Keeping Students with Disabilities Safe from Bullying

As Secretary Duncan has noted, the Department of Education is committed to making sure that all of our young people grow up free of fear, violence, and bullying. Bullying not only threatens a student’s physical and emotional safety at school, but fosters a climate of fear and disrespect, creating conditions that negatively impact learning—undermining students’ ability to achieve to their full potential. Unfortunately, we know that children with disabilities are disproportionately affected by bullying.

back_to_school_billboardFactors such as physical vulnerability, social skills challenges, or intolerant environments may increase the risk of bullying. Students who are targets of bullying are more likely to experience lower academic achievement, higher truancy rates, feelings of alienation, poor peer relationships, loneliness, and depression. We must do everything we can to ensure that our schools are safe and positive learning  environments—where all students can learn.

To that end, today, ED’s Office of Special Education and Rehabilitative Services (OSERS) issued guidance to educators and stakeholders on the matter of bullying of students with disabilities. This guidance provides an overview of school districts’ responsibilities to ensure that students with disabilities who are subject to bullying continue to receive free appropriate public education (FAPE) under the Individuals with Disabilities Education Act (IDEA). Under IDEA, States and school districts are obligated to ensure that students with disabilities receive FAPE in the least restrictive environment (LRE). This guidance explains that any bullying of a student with disabilities which results in the student not receiving meaningful educational benefit is considered a denial of FAPE. Furthermore, this letter notes that certain changes to an educational program of a student with a disability (e.g., placement in a more restricted “protected” setting to avoid bullying behavior) may constitute a denial of FAPE in the LRE.

Schools have an obligation to ensure that a student with disabilities who is bullied, continues to receive FAPE as outlined in his or her individualized education program (IEP). IEPs, as well as 504 plans, can be useful in outlining specialized approaches for preventing and responding to bullying, as well as providing additional supports and services to students with disabilities.

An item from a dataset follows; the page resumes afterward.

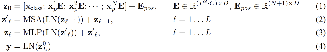 $$\mathbf{z}_{0} = [\mathbf{x}_{\text{class}}, \mathbf{x}^{1}_{p}\mathbf{E}, \dots, \mathbf{x}^{N}_{p}\mathbf{E}] + \mathbf{E}_{pos}$$

This guidance also offers effective evidence-based practices for preventing and addressing bullying.

“This guidance is a significant step forward for students facing bullying,” said Ari Ne’eman, President of the Autistic Self Advocacy Network, a leading national advocacy organization. “We applaud and commend the Department for reinforcing that when a child is being bullied, it is inappropriate to ‘blame the victim’ and remove them from the general education classroom. School districts have an obligation to address the source of the problem –the stigma and prejudice that drives bullying behavior.”

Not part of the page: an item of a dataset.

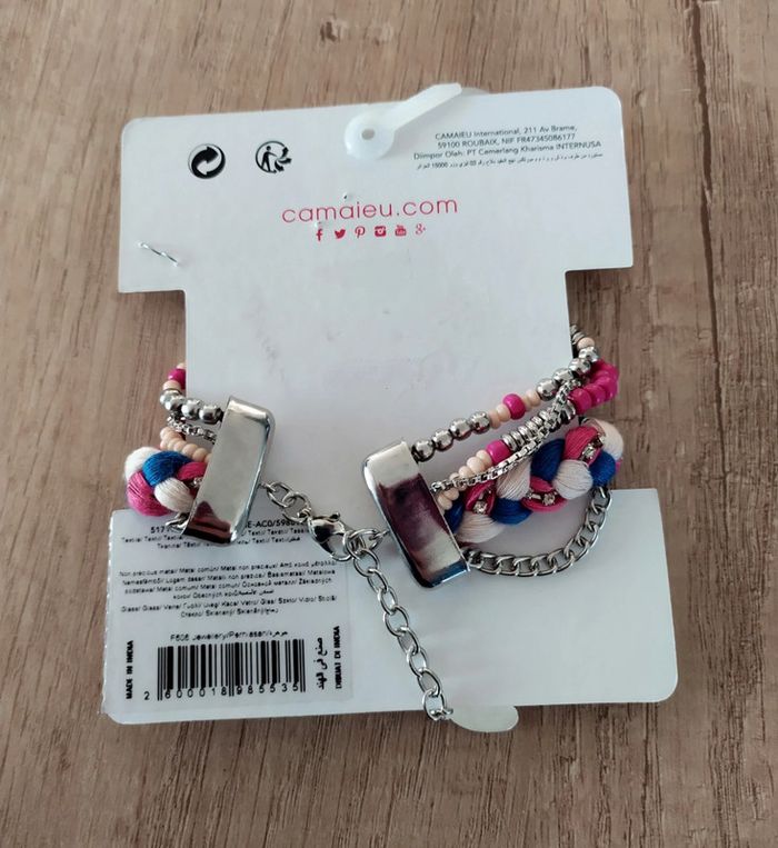 Bracelet fantaisie rose bleu et blanc Camaïeu

Bullying of any student simply cannot be tolerated in our schools. A school where children don’t feel safe is a school where children struggle to learn. Every student deserves to thrive in a safe school and classroom free from bullying.

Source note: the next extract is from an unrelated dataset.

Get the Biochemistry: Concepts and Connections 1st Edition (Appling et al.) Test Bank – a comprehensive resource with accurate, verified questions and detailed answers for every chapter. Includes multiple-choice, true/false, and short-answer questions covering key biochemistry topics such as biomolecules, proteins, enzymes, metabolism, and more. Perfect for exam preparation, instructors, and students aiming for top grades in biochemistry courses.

Please see the Dear Colleague Letter on bullying and its accompanying enclosure below or on this OSERS policy letters page.

For additional information on preventing bullying, please visit StopBullying.gov and view ED’s “It Gets Better” video.

Michael Yudin is acting assistant secretary for ED’s Office of Special Education and Rehabilitative Services

22 Comments

  1. Happy to have stumbled upon this. My son is no longer on an IEP . He has Aspergers ,but requires no services. So off to regular classrooms he went, goodbye to all HIS peers where being a little different was acceptable. Bullied and harrassed doesn’t begin to explain 8th grade. Now a freshman, and I just sent off a letter to admin.,school psych,guidance to report the nonsense that has begun already.
    The response I received last year after reporting the other student was ” wow we were a little suprised as this boy is not a known troublemaker” !! And neither is my son lady. So many things I could go on and on about. The “leaders” of the bullies may or may not do the dirty work. They get their minions to do it or else they won’t get to be in the “poplular” crowd. What sickens me is so many of these brats come from extreme wealth or mom/dad are on this board,that board .UGH ! What I’d like to know as a parent, is there any law regarding my school district having to pay another town to educate my son as clearly they can’t do it and I refuse to go from a top notch district to a lesser one or is it limited to only school’s belonging to school choice ?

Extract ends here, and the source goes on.